* _TASK GOAL_:
Write out every entry, unchanged. Skip any picture.

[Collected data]
● ● ●

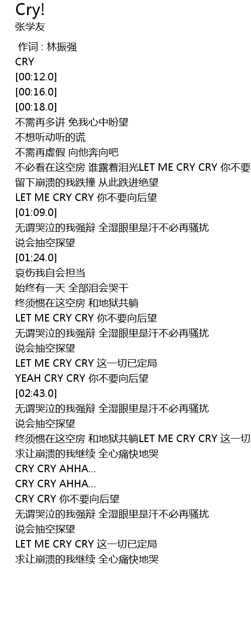 | [01:02.0] | LET ME CRY CRY 你不要向后望 |
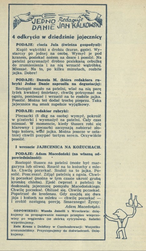 Archiwum / Jedno danie nr 884 (11/1962) 05/21 Podziel się Tytuł Jajecznica Autor Jan Kalkowski Rubryka Jedno danie Artykuł z numeru 884 (11/1962) Data wydania 18 marca 1962 Tagi gastronomia kulinaria przepis kulinarny jajka
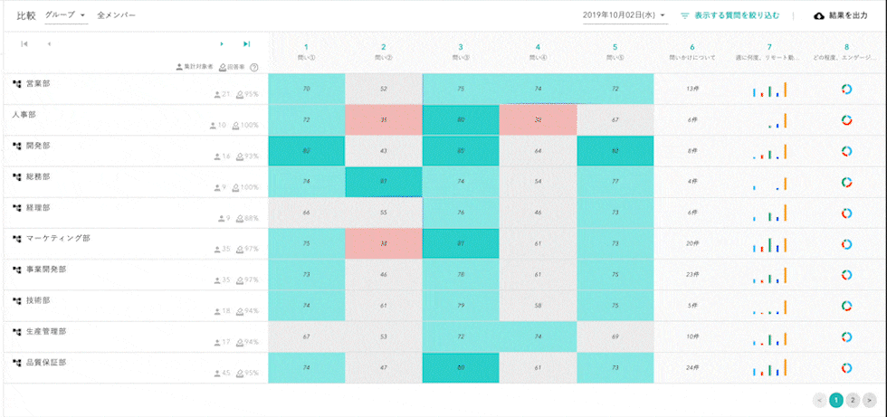 エンゲージメント研究の国内第一人者である慶應義塾大学 島津明人教授の監修に基づき開発されたエンゲージメント解析ツール。”PCやスマートフォンから簡単に回答でき、極めて負担の少ないUI設計”と、導入企業さまからご評価いただく。アンケート結果はリアルタイムで自動集計され、蓄積されたビッグデータと共に解析することで組織ごとの特徴や傾向、課題の特定を可能としている。 現在ビジネス領域のみならず、スポーツや教育の領域でも広く導入が進んでおり、導入組織数は2,140以上、回答データは累計7,300万件を超える。2019 年度グッドデザイン賞を受賞。(2021年11月11日現在)
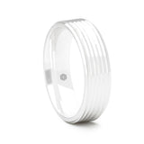 The slightly sloping edges ensure that the grooves encircling this mirror polished mens 18ct white gold flat court shape wedding ring become an immediately striking design.
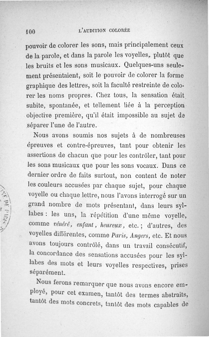L'audition colorée : étude sur les fausses sensations secondaires physiologiques et particulièrement sur les pseudo-sensations de couleurs associées aux perceptions objectives des sons.
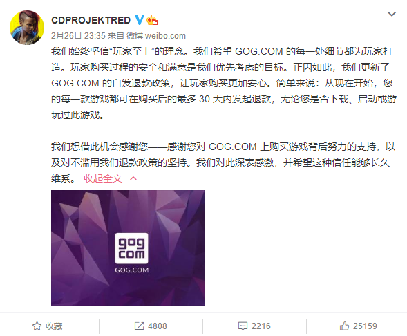 2020年2月26日,公司发布的通知显示,"从现在开始,您的每一款游戏都可在购买后的最多30天内发起退款,无论您是否下载、启动或游玩过此游戏。"也即,玩家在将游戏买到手玩通关后还可发起退款。
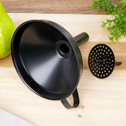 Practical pouring funnel equipped with a strainer. Made of high quality black stainless steel. Ideal for pouring drinks, e.g. juices, tinctures, wine.
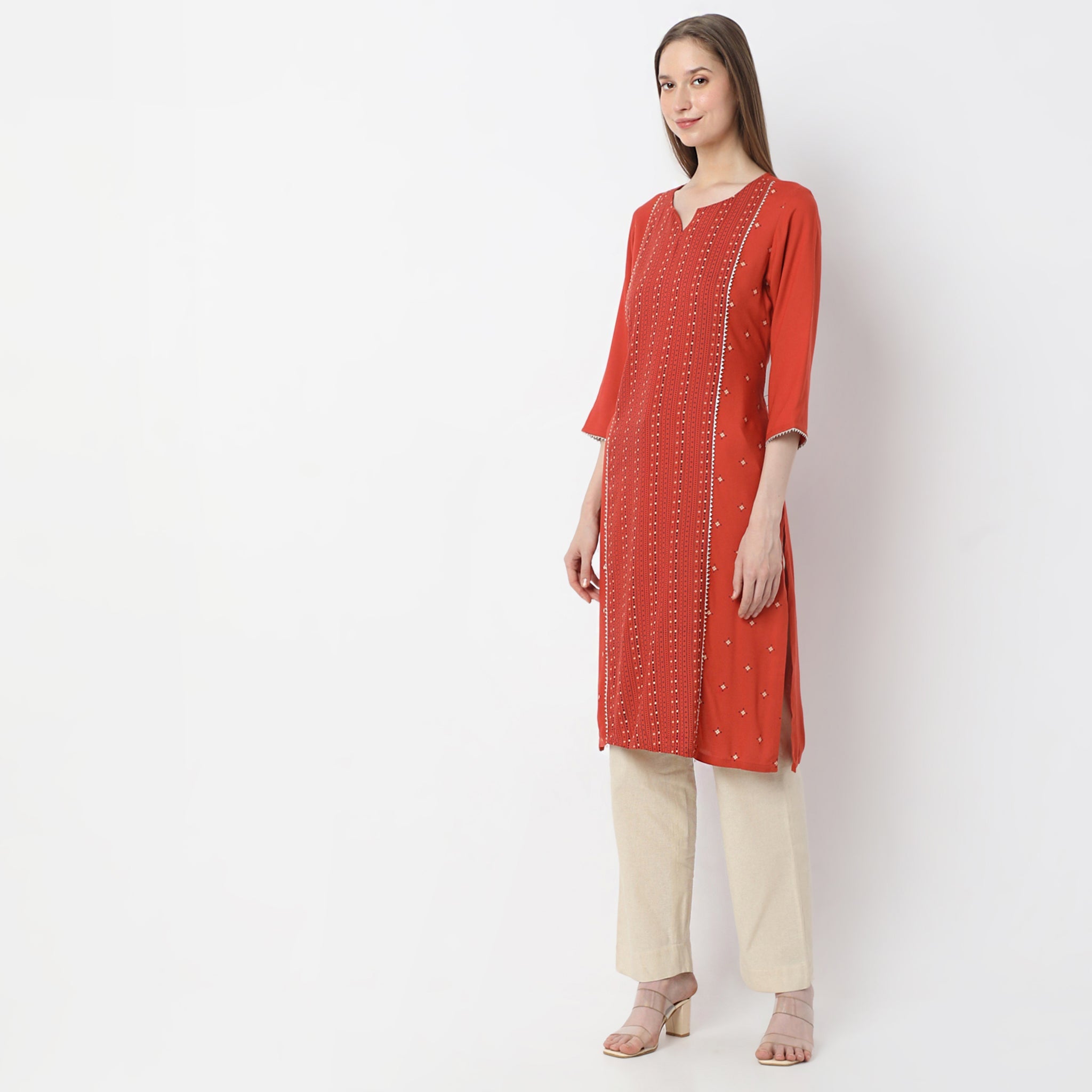 Experience the perfect blend of comfort and style with our Printed Below Knee Straight Fit Table Kurta. Crafted from 100% Rayon, this kurta offers a soft, breathable feel that keeps you comfortable all day long. The elegant printed pattern adds a touch of sophistication, making it a versatile choice for both casual outings and formal gatherings.

● ● ●

* _RESPONSE TO THE EXERCISE_:
 | [01:02.0] | LET ME CRY CRY 你不要向后望 |
 Archiwum / Jedno danie nr 884 (11/1962) 05/21 Podziel się Tytuł Jajecznica Autor Jan Kalkowski Rubryka Jedno danie Artykuł z numeru 884 (11/1962) Data wydania 18 marca 1962 Tagi gastronomia kulinaria przepis kulinarny jajka
 エンゲージメント研究の国内第一人者である慶應義塾大学 島津明人教授の監修に基づき開発されたエンゲージメント解析ツール。”PCやスマートフォンから簡単に回答でき、極めて負担の少ないUI設計”と、導入企業さまからご評価いただく。アンケート結果はリアルタイムで自動集計され、蓄積されたビッグデータと共に解析することで組織ごとの特徴や傾向、課題の特定を可能としている。 現在ビジネス領域のみならず、スポーツや教育の領域でも広く導入が進んでおり、導入組織数は2,140以上、回答データは累計7,300万件を超える。2019 年度グッドデザイン賞を受賞。(2021年11月11日現在)
 The slightly sloping edges ensure that the grooves encircling this mirror polished mens 18ct white gold flat court shape wedding ring become an immediately striking design.
L'audition colorée : étude sur les fausses sensations secondaires physiologiques et particulièrement sur les pseudo-sensations de couleurs associées aux perceptions objectives des sons.
 2020年2月26日,公司发布的通知显示,"从现在开始,您的每一款游戏都可在购买后的最多30天内发起退款,无论您是否下载、启动或游玩过此游戏。"也即,玩家在将游戏买到手玩通关后还可发起退款。
 Practical pouring funnel equipped with a strainer. Made of high quality black stainless steel. Ideal for pouring drinks, e.g. juices, tinctures, wine.
 Experience the perfect blend of comfort and style with our Printed Below Knee Straight Fit Table Kurta. Crafted from 100% Rayon, this kurta offers a soft, breathable feel that keeps you comfortable all day long. The elegant printed pattern adds a touch of sophistication, making it a versatile choice for both casual outings and formal gatherings.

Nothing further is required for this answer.